Bazil took a step and almost collapsed. Relkin had gone down on his hands and knees. Yeer had warned them that they would be exhausted. But not this exhausted! Bazil went down on all fours, feeling weaker than he had ever felt in his entire life. He had not the strength of a week-old sprat.

Relkin had rolled onto his back. "Baz! We made it back."

"But we cannot move. We die in here, lost in the maze."

"Can't die now, can't give up."

"Can't move, either."

Keeping those huge bodies going had completely worn them out. They were reduced to crawling, slowly, through the maze.
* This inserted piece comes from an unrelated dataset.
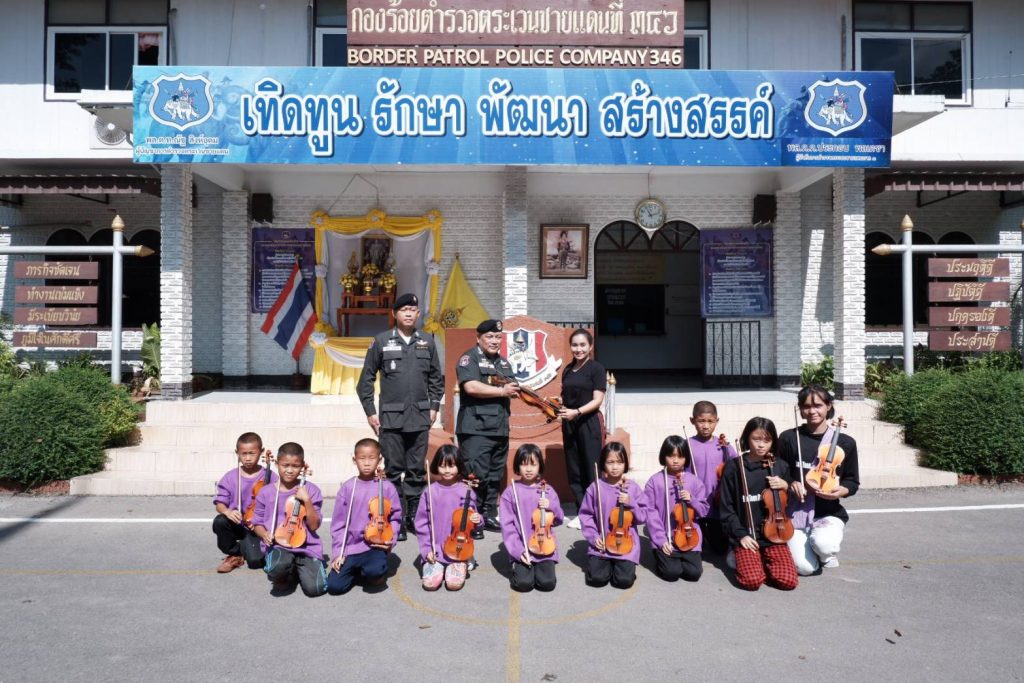 เมื่อ 26 พ.ย.65 เวลา 09.45 น. พล.ต.ต ประกอบ พลเตชา ผบก.ตชด.ภาค 3, พ.ต.ท.รัฐกร อินทนิล รอง ผกก.ตชด.34 ต้อนรับอาจารย์ วัชรินทร์ รุ่งนาค และคณะวิทยากรโครงการผลิตสเปรย์ตะไคร้หอมป้องกันยุงให้กับนักเรียนโรงเรียนตำรวจตระเวนชายแดน พร้อมตรวจเยี่ยมการอบรมดนตรีไวโอลีน ให้กำลังใจครูผู้สอน นักเรียนโรงเรียนตำรวจตระเวนชายแดนที่มาอบรมดังกล่าว ณ กองร้อย ตชด.346 ม.1 บ.แม่ตาว ต.ท่าสายลวด อ.แม่สอด จ.ตาก ทั้งนี้เพื่อเป็นการขยายผลต่อยอดและสนองงานตามพระราชดำริในงานด้านการดนตรี และ ผบก.ตชด.ภาค 3 ได้มอบตู้แช่ จำนวน 1 ตู้ ให้แก่ รร.ตชด.บ้านตีนดอย โดยมี ด.ต.ครรชิต บัวขาว ครูใหญ่ เป็นผู้รับมอบ

At each intersection Relkin would rest and study the way ahead. The walls were of gold, the floors and ceilings, too. They cast endless reflections.

And then in one direction there was a noticeable darkness. As they drew closer to it, the walls and ceilings changed from gold to marble, almost imperceptibly.

They were close to the exit now, which was a damned good thing since they were almost too exhausted now even to crawl. Bazil just could not haul his body any farther.

Relkin went on, then came back and tugged on the dragon's ear.

"Come on, Baz, it's not far now."

"This dragon too weak. Cannot move."

"We can do it; we got this far. Can't die here."

"By the fiery breath, feel like I'm going to die here."

"No, we have to go on. Can't stop. You can do it."

With a soft groan Bazil rolled over onto his belly again and got his legs under him. He heaved himself up, felt himself trembling in every limb. Relkin staggered ahead of him down the last passage and they turned and were out of the maze and standing in a room in the Temple of Gold.

It was night on the world Lygarth. A single lamp burned by the doorway. The temple was quiet. Outside in the forest somewhere an animal gave a long whistling cry, then fell silent.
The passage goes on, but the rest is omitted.